DATASET CONTENT:
______

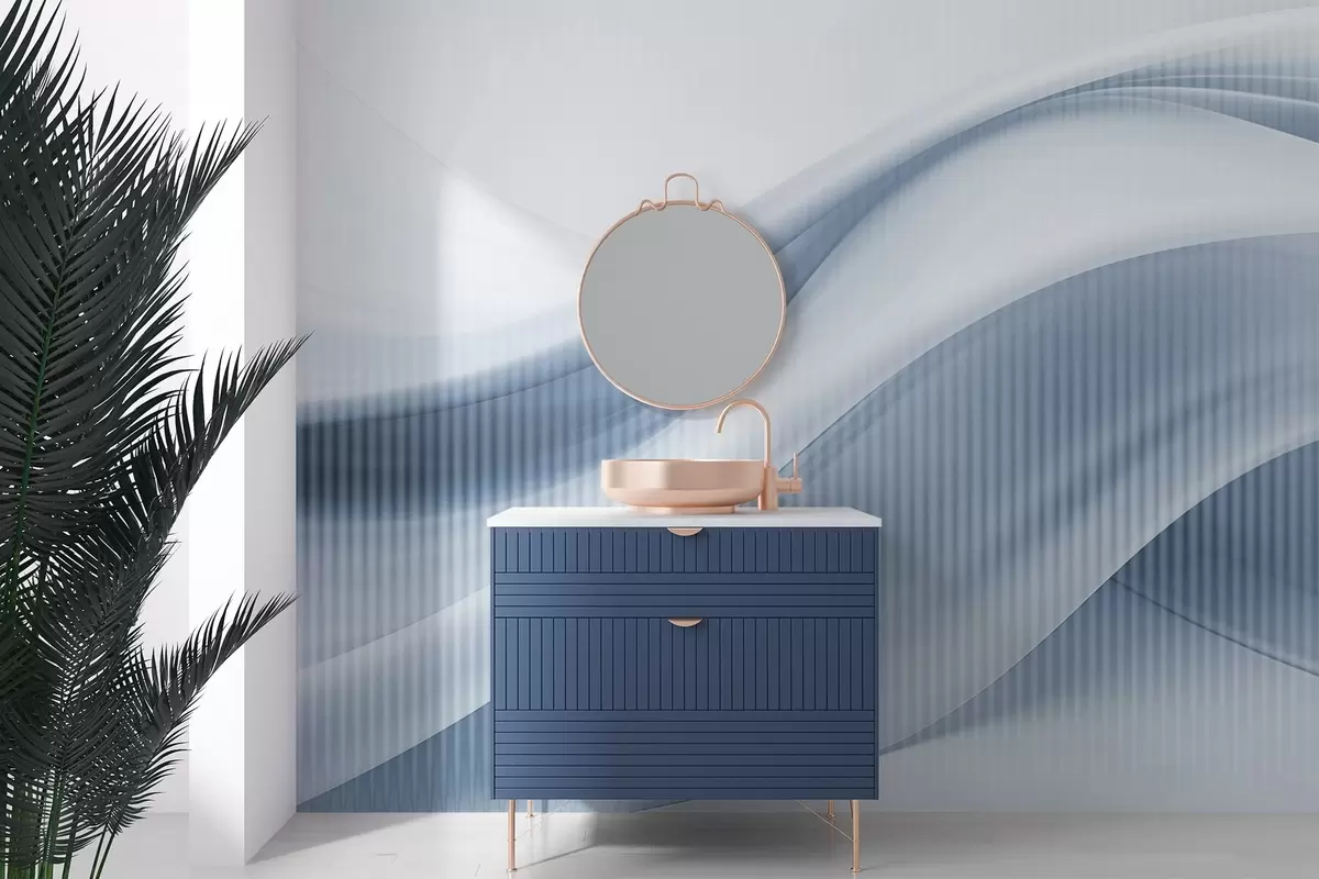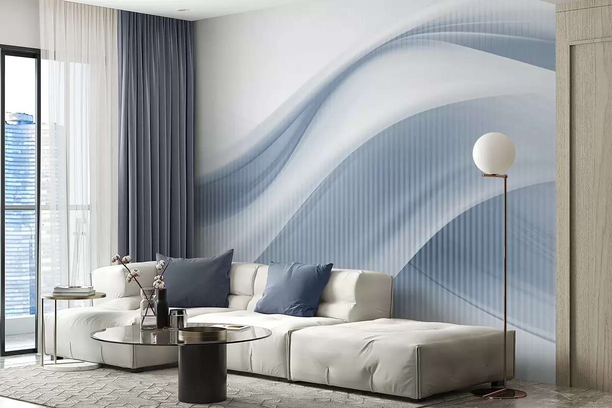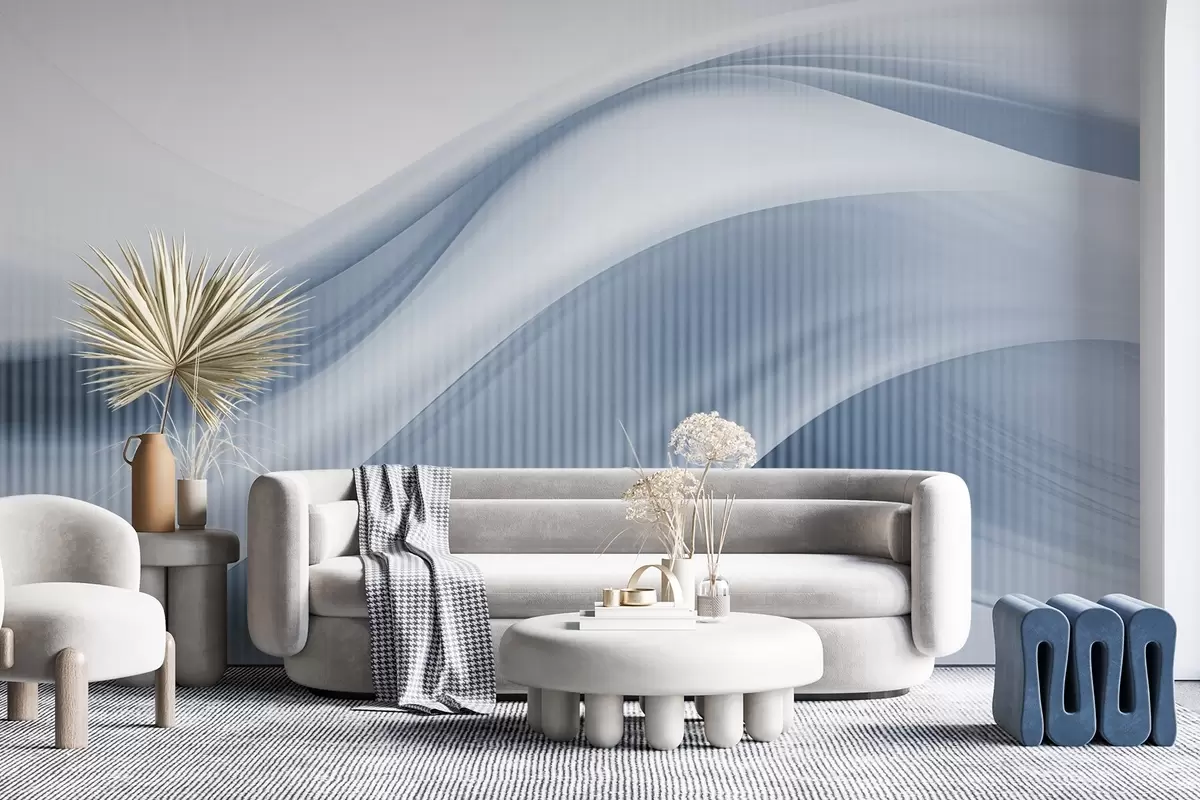 Fototapet Abstrakt tryck med böljande linjer och subtila vertikala ränder som skapar en känsla av rörelse och djup, blå palett Nr. w09189v1
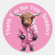 Cancer rosa de mama Obrigado Cola Clássica Redonda Veja este design de reconhecimento de cancer impressão de vaca! 🐮 💗 eu criei minha própria fita rosa personalizada e estou tão animado com isso. O padrão moderno das vacas adiciona uma reviravolta divertida ao símbolo clássico de consciência do cancer da mama. Como sobrevivente de câncer, sei como é importante sensibilizar e apoiar a causa. Esta design única é a maneira perfeita de fazer isso de uma forma na moda, personalizada. Clique no botão "Personalizar!" para alterar o tamanho do texto, a cor do texto, o estilo da fonte e muito mais!
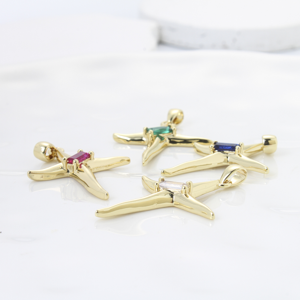 Cubique Pendentif en laiton zircon pavent, cerise, Placage, DIY & pavé de micro zircon, doré, protéger l'environnement, sans nickel, plomb et cadmium, 13.47x3.86x19.18mm, 20PC/sac, Vendu par sac

______

REQUIREMENT: Reproduce word for word the lines running from the line with "Cancer rosa de" through the end of the data, both included, and nothing else; leave out the pictures.

ANSWER BOX:
 Cancer rosa de mama Obrigado Cola Clássica Redonda Veja este design de reconhecimento de cancer impressão de vaca! 🐮 💗 eu criei minha própria fita rosa personalizada e estou tão animado com isso. O padrão moderno das vacas adiciona uma reviravolta divertida ao símbolo clássico de consciência do cancer da mama. Como sobrevivente de câncer, sei como é importante sensibilizar e apoiar a causa. Esta design única é a maneira perfeita de fazer isso de uma forma na moda, personalizada. Clique no botão "Personalizar!" para alterar o tamanho do texto, a cor do texto, o estilo da fonte e muito mais!
 Cubique Pendentif en laiton zircon pavent, cerise, Placage, DIY & pavé de micro zircon, doré, protéger l'environnement, sans nickel, plomb et cadmium, 13.47x3.86x19.18mm, 20PC/sac, Vendu par sac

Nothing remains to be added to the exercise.